→ Exercise data
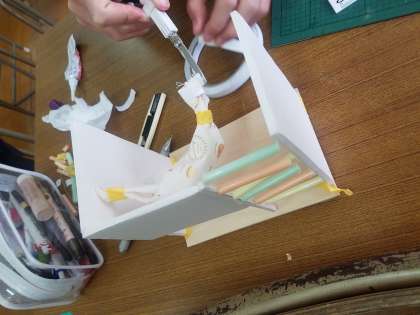自分の以外の誰かを想定し、その人が生活の中で使いやすい道具のデザインを美術科の観点から考えて、その模型を作りました。当然、素材も設定し、色や形をデザインすることで使いやすかったり、気分が上がったりするように考えました。
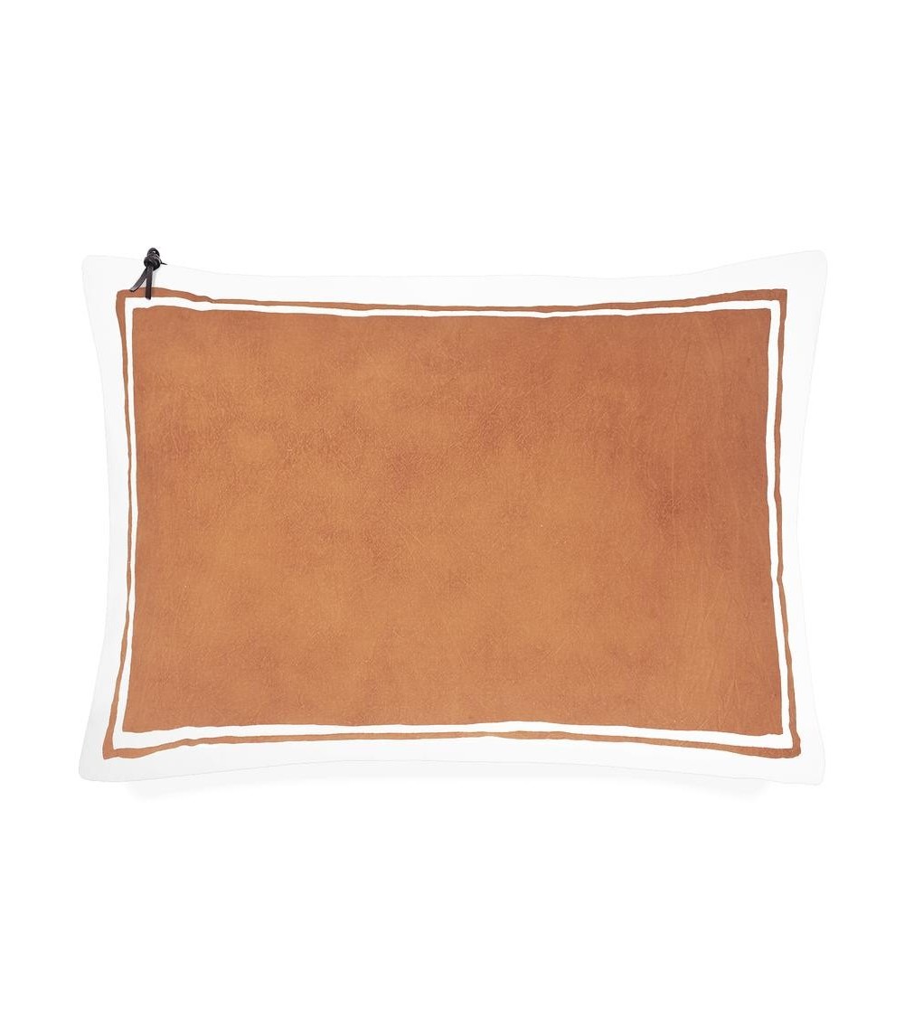 Housse de coussin en coton, au motif Cap Sa Sal avec sérigraphie et avec fermeture éclair en métal et détails en cuir. La conception du cadre de notre Cap Sa Sal nécessite une technique qui parvient à reproduire la couleur du design original. À cette occasion, nous avons eu recours à la sérigraphie. Un moule est généré, où chaque ligne est séparée par un vernis spécialement préparé. Une maille est tendue et rapprochée du coton. C'est le moment où l'encre envahit la maille et où les détails commencent à naître. Une raclette est utilisée pour répartir l'encre jusqu'à ce qu'elle recouvre tout. La touche finale est donnée par la séparation des mailles. Chaque coussin qui prend vie grâce à la sérigraphie est unique, car cette technique est reproduite individuellement.
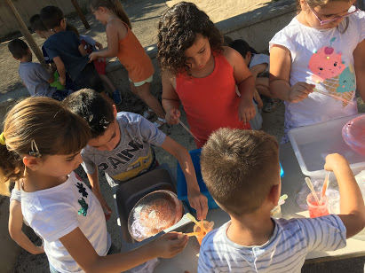 El passat dimecres vam fer el dia de la ciència. Vam portar a terme dos experiments, un consistia en observar com es desfà el gel amb sal i pintura, i l’altre en fer sorra cinètica.
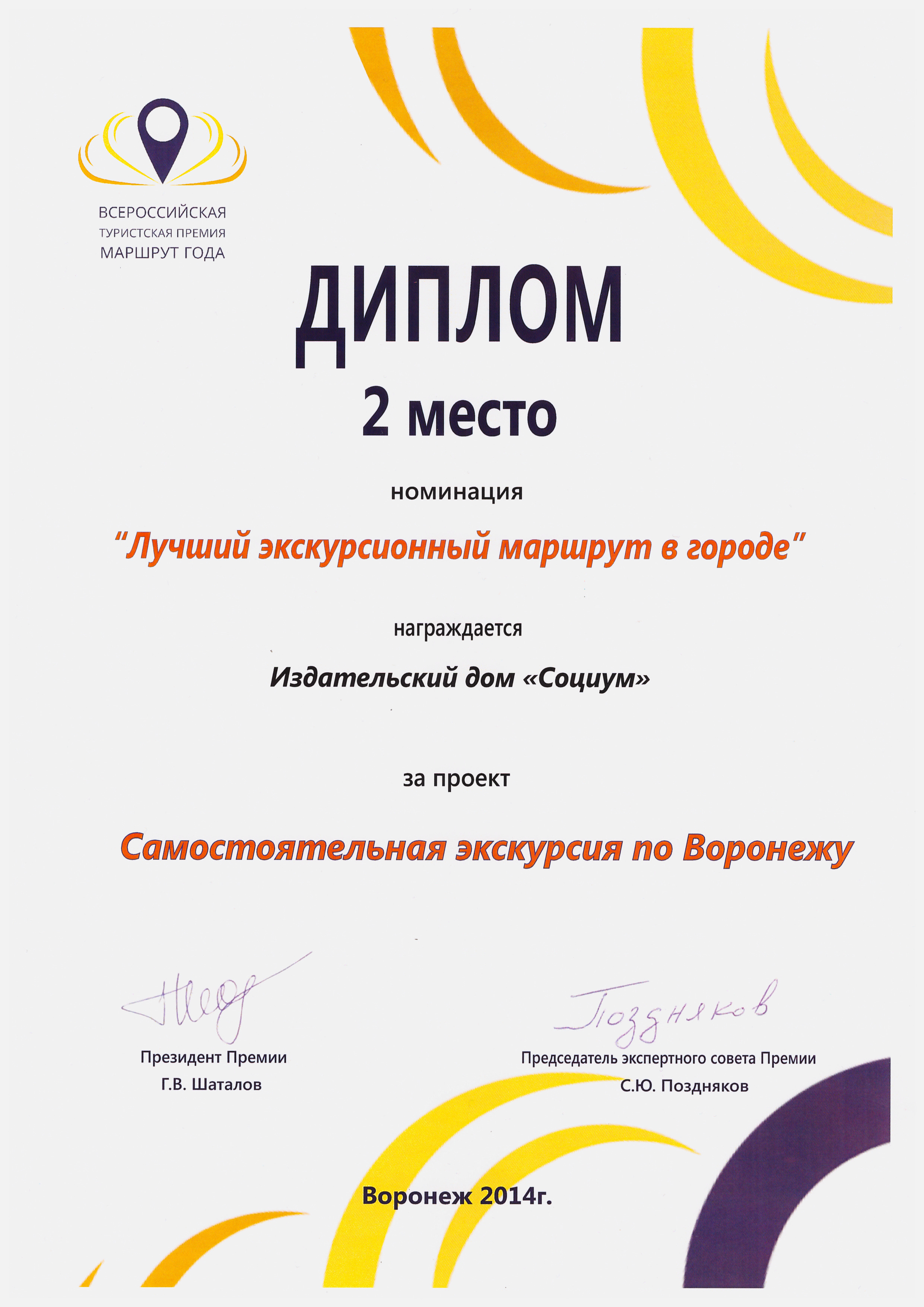 15-16 ноября в Воронеже на территории «АМАКС Парк-отель» прошел финал Всероссийской туристской премии «Маршрут года». В этом году на конкурс проступило 263 проекта из 63 регионов страны, в финальную часть конкурса вышли 134 проекта из 71 населенного пункта, представляющих 42 региона страны. На определение победителей в 17 номинациях у жюри ушло полдня. В каждой номинации жюри определило первое, второе, третье место и гран-при. Издательский дом «Социум» стал лауреатом премии в номинации «Лучший экскурсионный маршрут в городе», заняв второе место с проектом «Самостоятельная экскурсия по Воронежу». Подведение итогов и церемония награждения победителей премии состоялась 16 ноября в ПАБе «Сто Ручьев».

→ Exercise details
Transcribe the listing above exactly, but only from the line with "Housse de coussin" through the line with "El passat dimecres". Include both of those lines and omit the pictures.

→ The answer
 Housse de coussin en coton, au motif Cap Sa Sal avec sérigraphie et avec fermeture éclair en métal et détails en cuir. La conception du cadre de notre Cap Sa Sal nécessite une technique qui parvient à reproduire la couleur du design original. À cette occasion, nous avons eu recours à la sérigraphie. Un moule est généré, où chaque ligne est séparée par un vernis spécialement préparé. Une maille est tendue et rapprochée du coton. C'est le moment où l'encre envahit la maille et où les détails commencent à naître. Une raclette est utilisée pour répartir l'encre jusqu'à ce qu'elle recouvre tout. La touche finale est donnée par la séparation des mailles. Chaque coussin qui prend vie grâce à la sérigraphie est unique, car cette technique est reproduite individuellement.
 El passat dimecres vam fer el dia de la ciència. Vam portar a terme dos experiments, un consistia en observar com es desfà el gel amb sal i pintura, i l’altre en fer sorra cinètica.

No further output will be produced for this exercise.